Hello all,
I am new to RNAseq data and learning this process step by step, so I have a few questions (I highlighted the questions below, so they are easily visible after reading the whole post). I have a set of RNAseq data that I recently got from a sequencing facility of choice. It is a paired ends data for 3 treatment groups with 3 biological samples each. The end goal of this experiment is to get an assembled transcriptome of the tissue of interest and to perform transcript quantification.

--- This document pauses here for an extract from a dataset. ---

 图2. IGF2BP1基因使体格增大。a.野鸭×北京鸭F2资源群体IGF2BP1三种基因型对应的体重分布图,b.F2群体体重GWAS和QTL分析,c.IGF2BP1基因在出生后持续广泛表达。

Firstly, I intend to use two workflows for mapping the reads:
(i) Trinity RNAseq protocol using Galaxy Trinity instance https://galaxy.ncgas-trinity.indiana.edu --> RSEM, EdgeR, etc (ii) map against a custom reference genome by uploading the genome files (?) and using Bowtie2 to map, and StringTie and CuffDiff to analyze abundance
FYI: for my species of interest, there is a newly released genome with the following files: (1) scaffold and (2) contig genome assemblies; (3) GFF, (4) gene annotation, (5) transcripts and (6) peptides. Which of these files will I need to map to this first genome release?
Do the workflows above sound good to you?

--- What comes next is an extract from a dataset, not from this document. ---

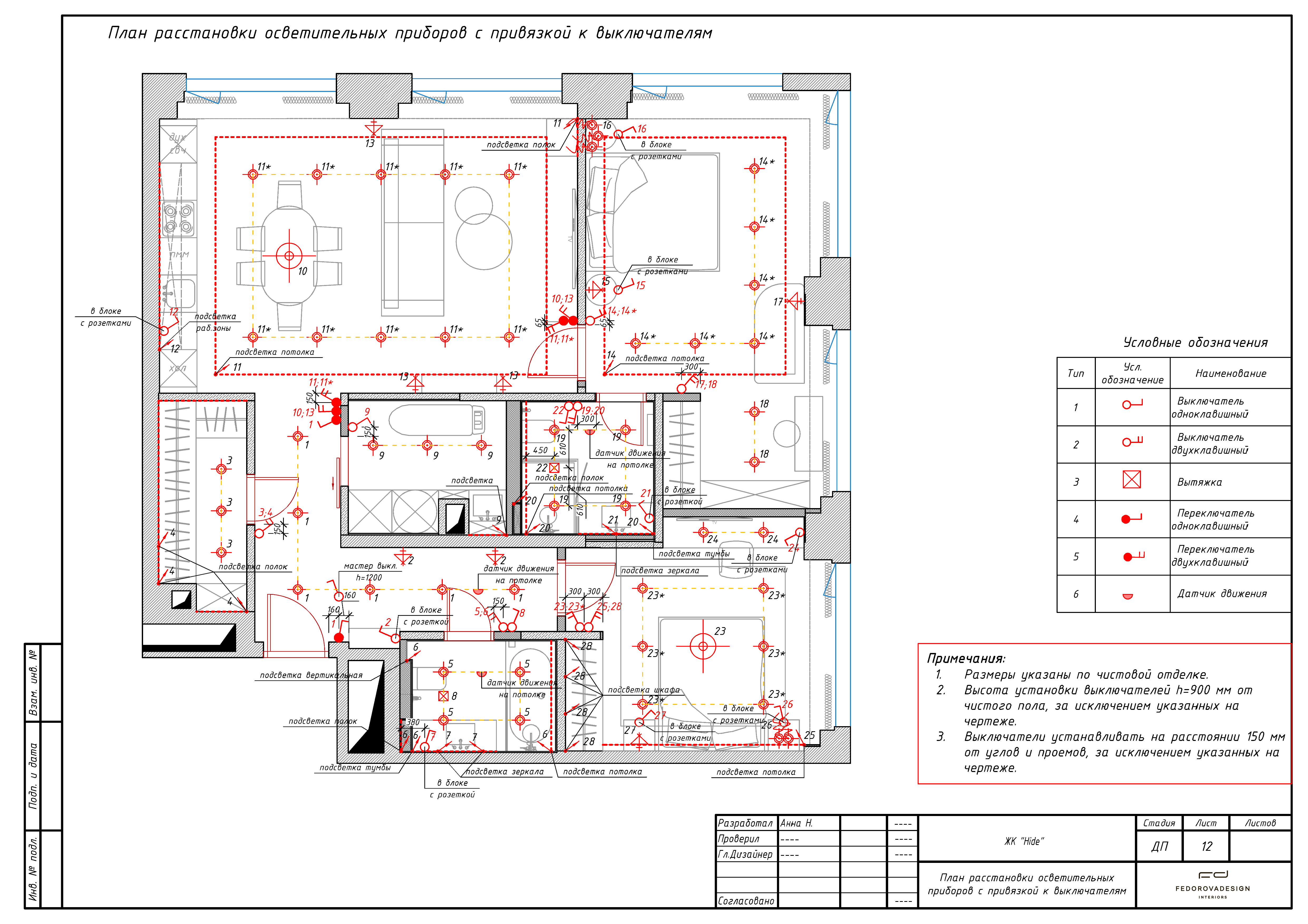 10. План расстановки осветительных приборов с привязкой к выключателям

I have started QC analysis and ran fastQC on my original datasets and it flagged several things: - duplication levels =fail (realized it's not a problem from reading about quantitative experiments, the consensus is that duplicated sequences should not be removed for quantitative experiments) - per base sequence content - all R2 reads failed, all R1 reads - warning (are these adapters?) - per sequence GC content (the GC content of the released genome is ~35%; the plot of my data sets has "small shoulders" towards the middle and a spike around ~30% mark) - kmer content also failed in the beginning base positions and sometimes spiked up in the middle of reads
So, I have just run Trimmomatic on these data sets. It produced 4 files - unpaired and paired files from both R1 and R2. Do I need to retain all files for downstream applications like mapping reads and transcript quantification, or can I just stick to the 2 paired reads files? Also, can I delete the original 10Gb files from Galaxy (I have them backed up on FTP and a local hard drive)?

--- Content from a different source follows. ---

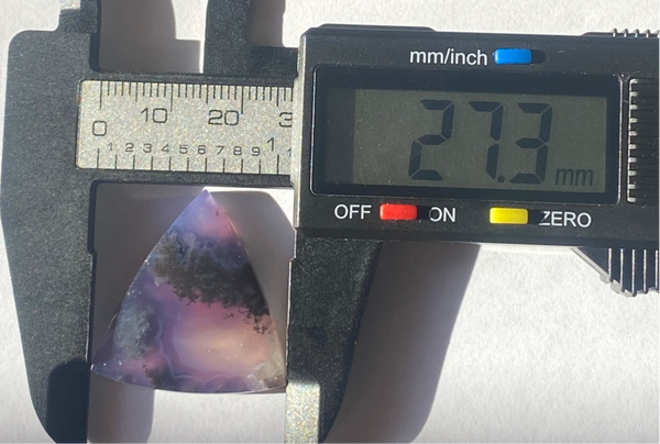 Moss agate is a type of chalcedony that features intricate, moss-like patterns within its translucent body. The rare purple variant is particularly sought after due to its stunning colors and patterns, which are caused by mineral inclusions. Each piece is unique, showcasing different swirls and formations, making it a desirable choice for jewelry making.Expertly crafted by a professional lapidary artist and their skilled team, every stone is cut and finished to the highest standards. Each piece is personally hand-selected, ensuring both quality and uniqueness.

I reran the fastQC after Trimmomatic on one of my files and it doesn't seem to have changed the results that much. Is this normal for the parameters that failed?
I've also noticed that some reads start with an N even after Trimmomatic, but always in the first position - was it not supposed to remove N's? Should I just trim the first nucleotide from those data sets?
Additionally, for the Trinity workflow, the only available QC tool on their Galaxy instance is the fastQ Quality Trimmer - I used it to trim 5' and 3' ends with a window size of 4, step-size 1, max # to exclude 0, min score >= 20. After putting my datasets through it, the files are not shrinking by much, so I'm assuming the data are good quality, or am I not restricting parameters far enough?
Do I need to process the raw reads in any other way besides the two methods I used above or can I map them now?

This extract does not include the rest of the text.